▶ **ACTION ITEM**:
An exact copy is the goal: every line from the one containing "semi-sheer panel sweater" to the end of the material below, pictures excluded.

===== DATA EXCERPT =====

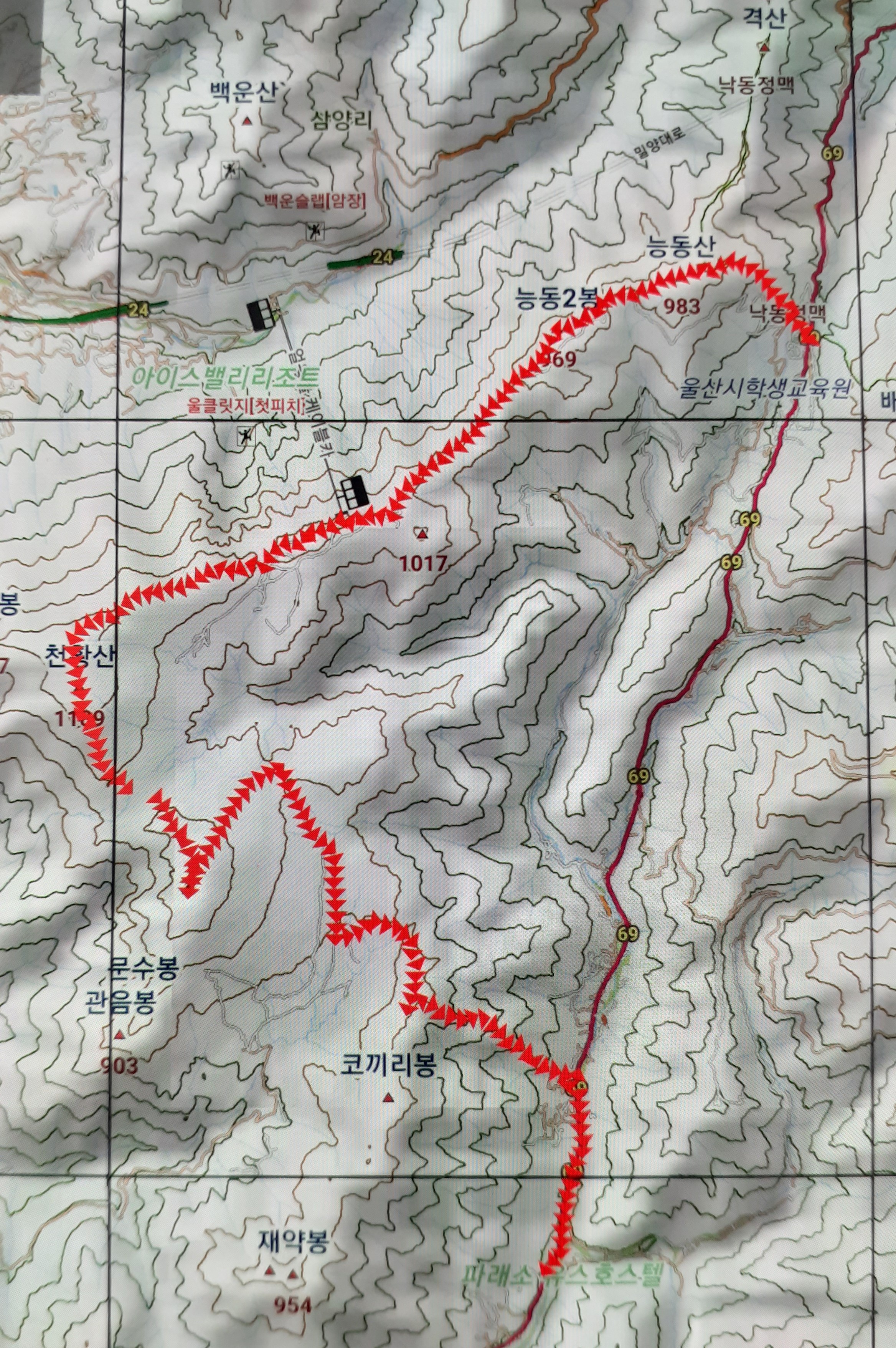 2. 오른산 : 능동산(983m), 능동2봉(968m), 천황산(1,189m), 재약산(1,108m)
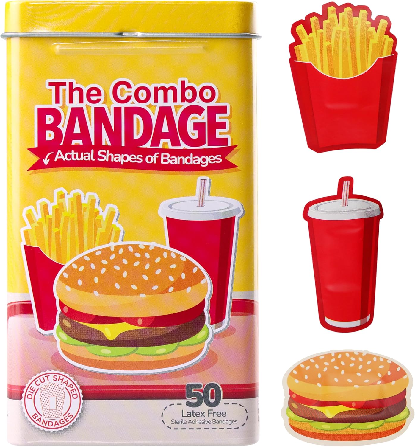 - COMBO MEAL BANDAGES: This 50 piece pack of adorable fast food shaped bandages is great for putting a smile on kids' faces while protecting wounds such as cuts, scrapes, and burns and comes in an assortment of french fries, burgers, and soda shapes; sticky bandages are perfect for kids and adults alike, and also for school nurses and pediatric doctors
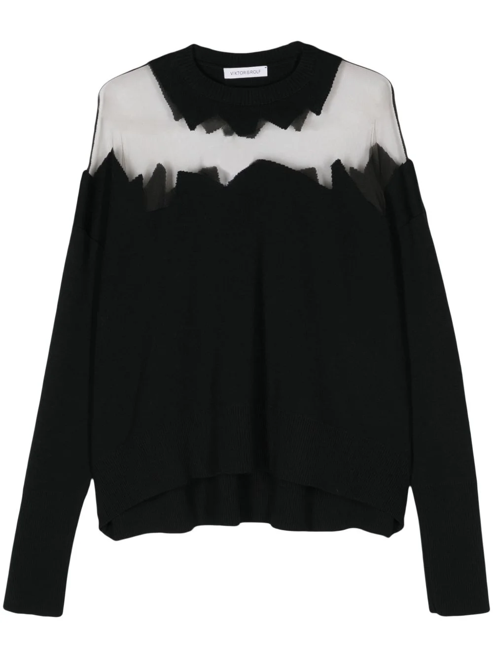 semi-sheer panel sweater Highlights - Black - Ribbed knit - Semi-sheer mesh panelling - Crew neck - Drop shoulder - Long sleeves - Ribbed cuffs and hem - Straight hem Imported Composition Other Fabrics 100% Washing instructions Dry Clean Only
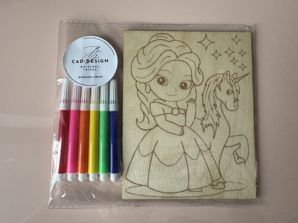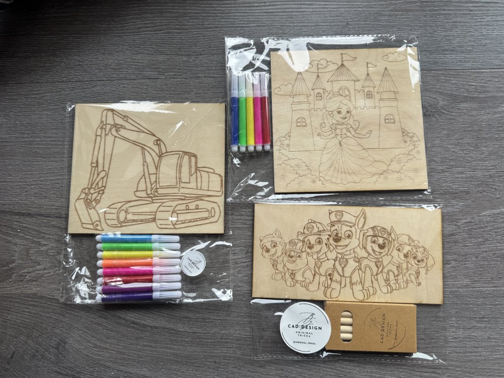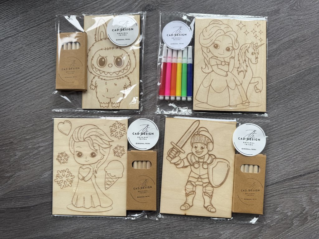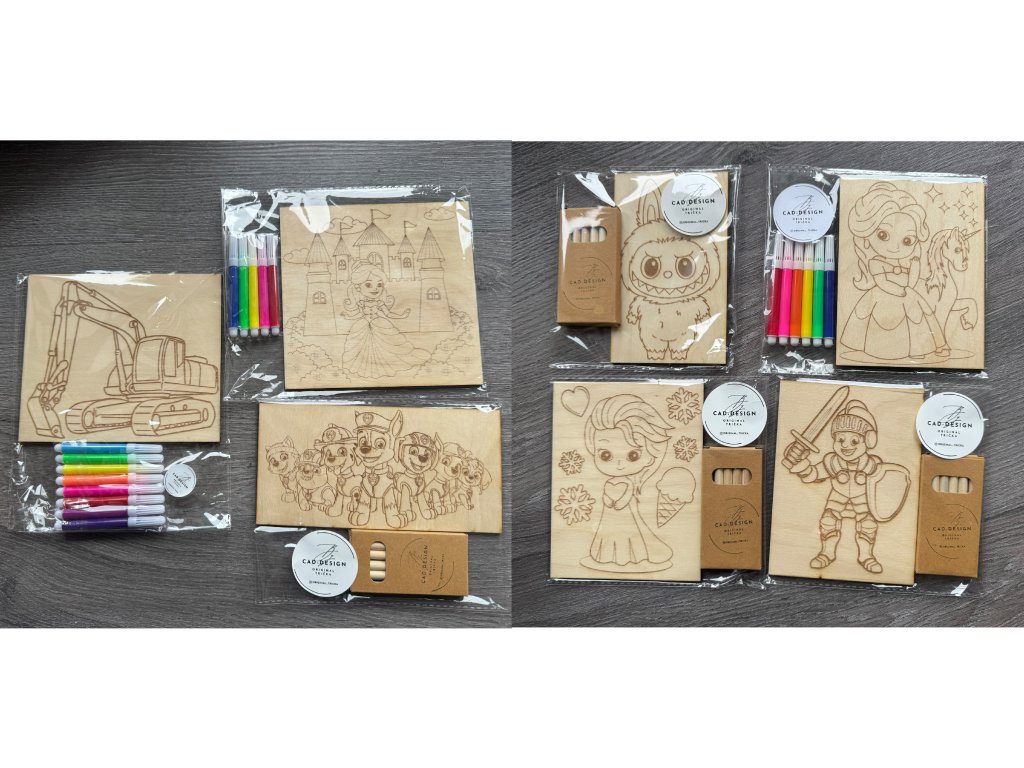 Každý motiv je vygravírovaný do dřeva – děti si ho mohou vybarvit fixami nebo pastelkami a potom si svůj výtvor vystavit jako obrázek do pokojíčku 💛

=====

▶ **RESULT OF THIS EXERCISE**:
 semi-sheer panel sweater Highlights - Black - Ribbed knit - Semi-sheer mesh panelling - Crew neck - Drop shoulder - Long sleeves - Ribbed cuffs and hem - Straight hem Imported Composition Other Fabrics 100% Washing instructions Dry Clean Only
 Každý motiv je vygravírovaný do dřeva – děti si ho mohou vybarvit fixami nebo pastelkami a potom si svůj výtvor vystavit jako obrázek do pokojíčku 💛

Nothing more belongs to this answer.